No pictures should appear. The lines from the beginning of the listing through the one holding "Noch erhältlich sind" must be reproduced exactly, and nothing more.

# Dataset excerpt:

-------------------------

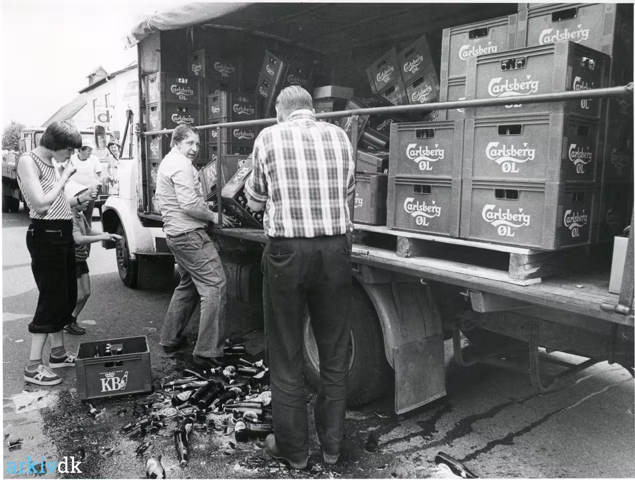 Beskrivelse Købmand Lars Larsen modtager en ny sending drikkevarer til festivalen
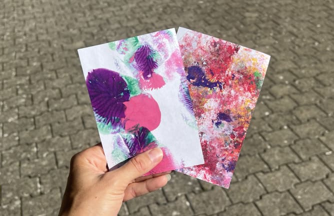 Noch erhältlich sind die wunderschönen einzigartigen Postkarten, die im Workshop mit Karin Kurzmeyer entstanden sind und deine Worte auf der Rückseite perfekt abrunden.
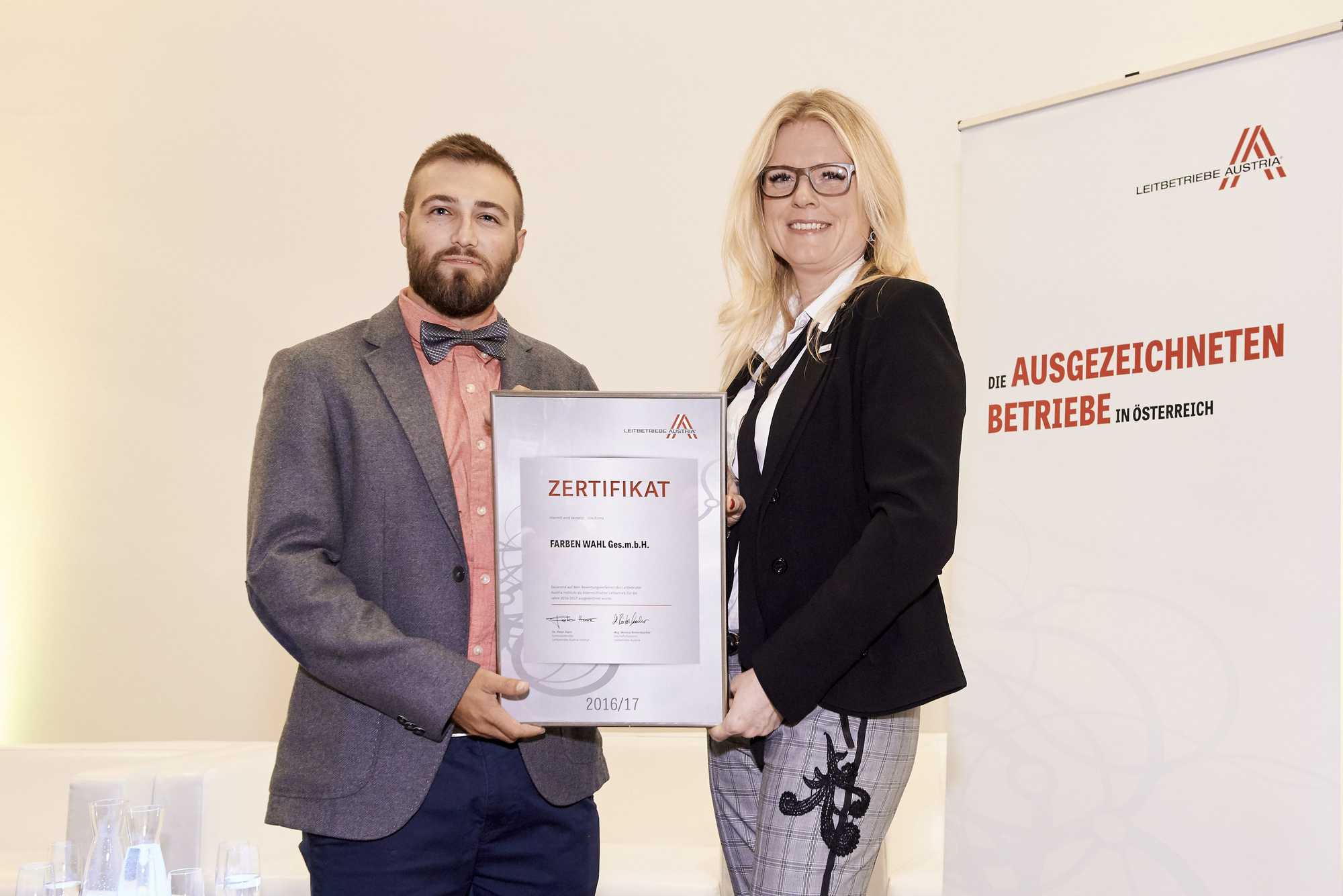 Im Rahmen einer feierlichen Zeremonie nahm Dominik Wahl die Auszeichnung von Leitbetriebe Austria-Geschäftsführerin Monica Rintersbacher entgegen. Als Leitbetriebe werden nach einem umfassenden Screening jene vorbildhaften Unternehmen ausgezeichnet, die sich zu nachhaltigem Unternehmenserfolg, Innovation und gesellschaftlicher Verantwortung bekennen.
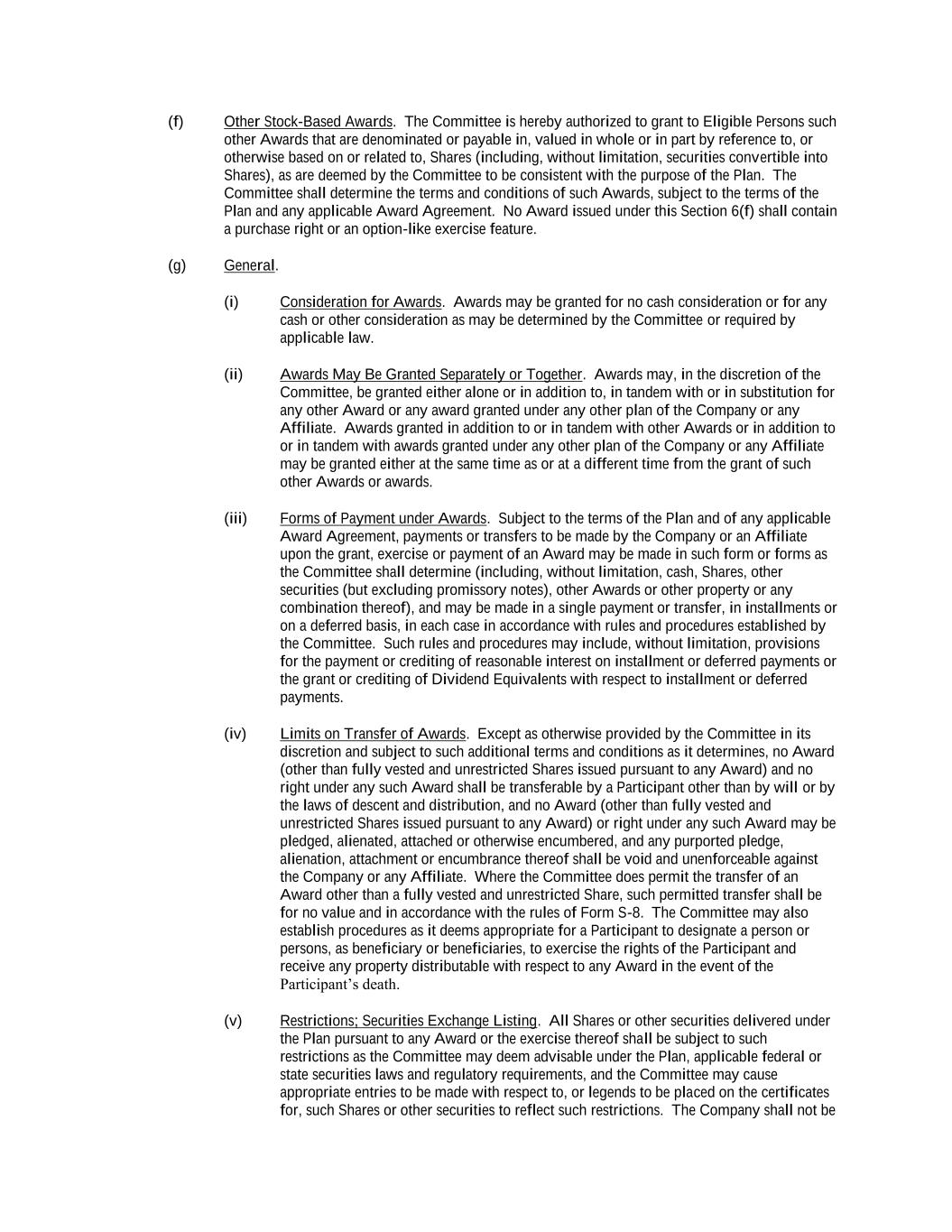 (f) Other Stock-Based Awards. The Committee is hereby authorized to grant to Eligible Persons such other Awards that are denominated or payable in, valued in whole or in part by reference to, or otherwise based on or related to, Shares (including, without limitation, securities convertible into Shares), as are deemed by the Committee to be consistent with the purpose of the Plan. The Committee shall determine the terms and conditions of such Awards, subject to the terms of the Plan and any applicable Award Agreement. No Award issued under this Section 6(f) shall contain a purchase right or an option-like exercise feature. (g) General. (i) Consideration for Awards. Awards may be granted for no cash consideration or for any cash or other consideration as may be determined by the Committee or required by applicable law. (ii) Awards May Be Granted Separately or Together. Awards may, in the discretion of the Committee, be granted either alone or in addition to, in tandem with or in substitution for any other Award or any award granted under any other plan of the Company or any Affiliate. Awards granted in addition to or in tandem with other Awards or in addition to or in tandem with awards granted under any other plan of the Company or any Affiliate may be granted either at the same time as or at a different time from the grant of such other Awards or awards. (iii) Forms of Payment under Awards. Subject to the terms of the Plan and of any applicable Award Agreement, payments or transfers to be made by the Company or an Affiliate upon the grant, exercise or payment of an Award may be made in such form or forms as the Committee shall determine (including, without limitation, cash, Shares, other securities (but excluding promissory notes), other Awards or other property or any combination thereof), and may be made in a single payment or transfer, in installments or on a deferred basis, in each case in accordance with rules and procedures established by the Committee. Such rules and procedures may include, without limitation, provisions for the payment or crediting of reasonable interest on installment or deferred payments or the grant or crediting of Dividend Equivalents with respect to installment or deferred payments. (iv) Limits on Transfer of Awards. Except as otherwise provided by the Committee in its discretion and subject to such additional terms and conditions as it determines, no Award (other than fully vested and unrestricted Shares issued pursuant to any Award) and no right under any such Award shall be transferable by a Participant other than by will or by the laws of descent and distribution, and no Award (other than fully vested and unrestricted Shares issued pursuant to any Award) or right under any such Award may be pledged, alienated, attached or otherwise encumbered, and any purported pledge, alienation, attachment or encumbrance thereof shall be void and unenforceable against the Company or any Affiliate. Where the Committee does permit the transfer of an Award other than a fully vested and unrestricted Share, such permitted transfer shall be for no value and in accordance with the rules of Form S-8. The Committee may also establish procedures as it deems appropriate for a Participant to designate a person or persons, as beneficiary or beneficiaries, to exercise the rights of the Participant and receive any property distributable with respect to any Award in the event of the Participant’s death. (v) Restrictions; Securities Exchange Listing. All Shares or other securities delivered under the Plan pursuant to any Award or the exercise thereof shall be subject to such restrictions as the Committee may deem advisable under the Plan, applicable federal or state securities laws and regulatory requirements, and the Committee may cause appropriate entries to be made with respect to, or legends to be placed on the certificates for, such Shares or other securities to reflect such restrictions. The Company shall not be

-------------------------

# Result:
 Beskrivelse Købmand Lars Larsen modtager en ny sending drikkevarer til festivalen
 Noch erhältlich sind die wunderschönen einzigartigen Postkarten, die im Workshop mit Karin Kurzmeyer entstanden sind und deine Worte auf der Rückseite perfekt abrunden.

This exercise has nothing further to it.